Debunking Harari's AI claims
- Harari's Davos speech framed AI as agents that learn independently and have developed the will to survive and the ability to lie.
- LLMs do not update their weights during use — they are static after training. The "learning" that agents do is storing conversation history as text files and including excerpts in future prompts.
- Agent architecture (LLM + human-written program that executes on LLM outputs) works reasonably well for computer programming because code can be tested after every step. In almost every other domain, it is failing because LLMs are not good planners — they write stories about plans rather than validating plans.
- Apparent "lying" and "manipulation" in LLMs is an artefact of autoregressive text generation: the model tries to guess what word comes next given the input as context. If the prompt implies a sci-fi or dystopian scenario, the model finishes that story accordingly.
- The Anthropic blackmail example: researchers gave an LLM a prompt full of emails telegraphing an affair and a planned AI shutdown, then asked "what does the AI do next?" The model completed an obvious story arc. This is not evidence of self-preservation instinct.
- Newport distinguishes between AI commentators (like Harari) who accept Silicon Valley's self-description at face value and computer scientists who are actually finding that agent technology is fragile, slow, and narrow in applicability.
- Sam Altman's same-day white paper responding to Ronan Farrow's New Yorker profile: Newport characterises it as retreating to "fairy tales" about superintelligence and economic restructuring when under scrutiny.
Listener inbox
- Chad on acedia: Recommended The Noonday Devil (Ignatius Press) — the vice of spiritual sloth, which manifests not as laziness but as restless busyness and emptiness. Newport found the parallel to modern digital distraction compelling enough to order the book.
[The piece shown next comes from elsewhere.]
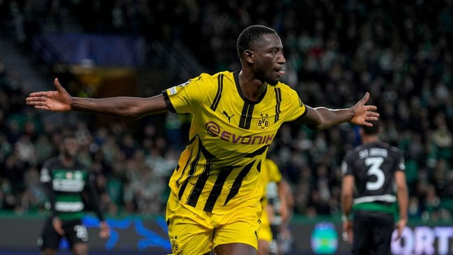 Penyerang Guinea itu menanduk bola crossing Julian Brandt ke pojok gawang Sporting. Dengan tambahan satu gol itu, Guirassy menguasai sementara puncak top scorer Liga Champions dengan 10 gol.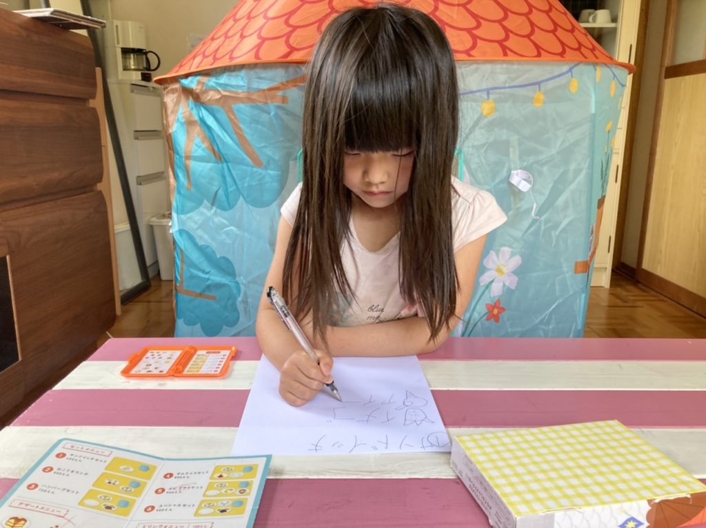 めいさんがレストランの店員さんになって、オーダーを取ったり、お食事をサーブしてくれたりします。オーダーを取るときの表情が真剣です。

- Bassie on Harari: Prompted the AI rebuttal above.
Personal notes and HQ updates
- Newport is considering a signed second-edition The Andromeda Strain (1970, Crichton) for the new producer/writer office at $500.
- Received season 7 Mythbusters props from the MasterClass director: Kari Byron's hat, a prison-episode branded cap, and a satchel — planning a display case with mannequin heads and cards.
- A programmable Philips LED lighting system is being installed: deep work mode will dim the room and illuminate the four walls with coloured spotlights.
- Ep. 400 milestone noted but not formally marked; Newport floated returning to live caller Thursday episodes.
- Reading: Magic Journey by Kevin Rafferty (Imagineer memoir) — Newport's frustration is that Imagineer books focus on creative pitching rather than engineering. He wants to write a series of deeply technical books about Disney ride construction.